EXERCISE DATA:
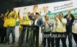 Calon Gubernur Jawa Barat Ridwan Kamil (Emil) bersama tim pendukung mengekspresikan kegembiraan, di Hotel Papandayan, Kota Bandung, Rabu (27/6). (FOTO : Republika/Edi Yusuf)
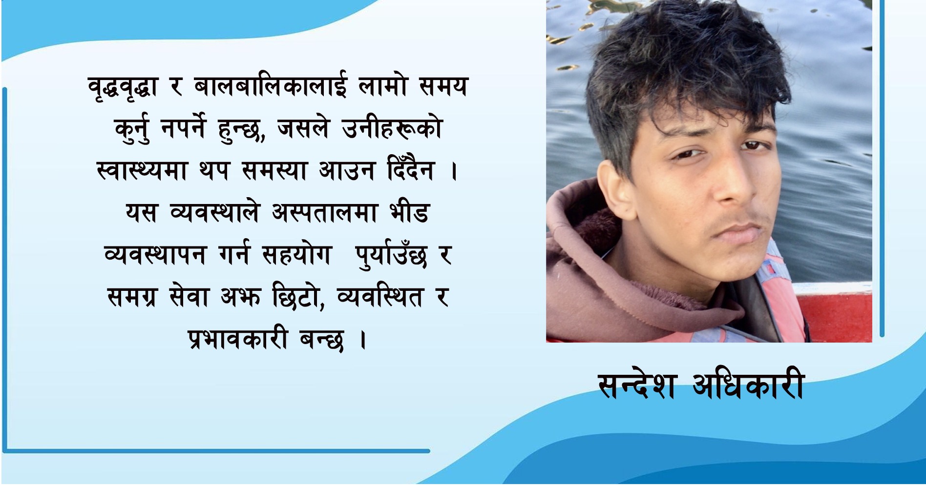 ‘स्वास्थ्य नै धन हो’ भन्ने उक्ति निकै सत्य छ । मानिस स्वस्थ भए मात्र उसले आफ्नो जीवन सुखी र सफल बनाउन सक्छ । त्यसैले गुणस्तरीय स्वास्थ्य सेवा प्रत्येक नागरिकको आधारभूत आवश्यकता हो । हेटौँडा सरकारी अस्पतालमा बिरामीको चाप धेरै हुने भएकाले सेवा लिन कठिनाइ हुन्छ । सबैभन्दा पहिले कुपन लिन बिहानैदेखि लामो लाइन बस्नुपर्ने समस्या छ । यसलाई व्यवस्थापन गर्नका लागि वृद्धवृद्धा, महिला, बालबालिका र १८ वर्षभन्दा माथिका पुरुषका लागि छुट्टाछुट्टै चार लाइन बनाउनु आवश्यक छ । यसले भीड नियन्त्रण गर्न र सबैलाई सहज सेवा दिन मद्दत गर्दछ ।
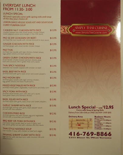 Read moreI love this Thai place near our home! It's so convenient as it's steps to Runnymede station on Bloor Street and this family restaurant has excellent service!! The website to order take-out was simple to use and best of all, it remembered our information from the last time we ordered which made it very easy to place another order here. What I didn't know was that if your order is over $30, they provide free delivery (local area) - definitely great for these cold days in Toronto!!

DIRECTIONS FOR THIS TASK: Only an exact copy is wanted: the lines from the opening of the material through the line that has "मद्दत गर्दछ ।", minus any pictures.

ANSWER TO THIS PROBLEM:
 Calon Gubernur Jawa Barat Ridwan Kamil (Emil) bersama tim pendukung mengekspresikan kegembiraan, di Hotel Papandayan, Kota Bandung, Rabu (27/6). (FOTO : Republika/Edi Yusuf)
 ‘स्वास्थ्य नै धन हो’ भन्ने उक्ति निकै सत्य छ । मानिस स्वस्थ भए मात्र उसले आफ्नो जीवन सुखी र सफल बनाउन सक्छ । त्यसैले गुणस्तरीय स्वास्थ्य सेवा प्रत्येक नागरिकको आधारभूत आवश्यकता हो । हेटौँडा सरकारी अस्पतालमा बिरामीको चाप धेरै हुने भएकाले सेवा लिन कठिनाइ हुन्छ । सबैभन्दा पहिले कुपन लिन बिहानैदेखि लामो लाइन बस्नुपर्ने समस्या छ । यसलाई व्यवस्थापन गर्नका लागि वृद्धवृद्धा, महिला, बालबालिका र १८ वर्षभन्दा माथिका पुरुषका लागि छुट्टाछुट्टै चार लाइन बनाउनु आवश्यक छ । यसले भीड नियन्त्रण गर्न र सबैलाई सहज सेवा दिन मद्दत गर्दछ ।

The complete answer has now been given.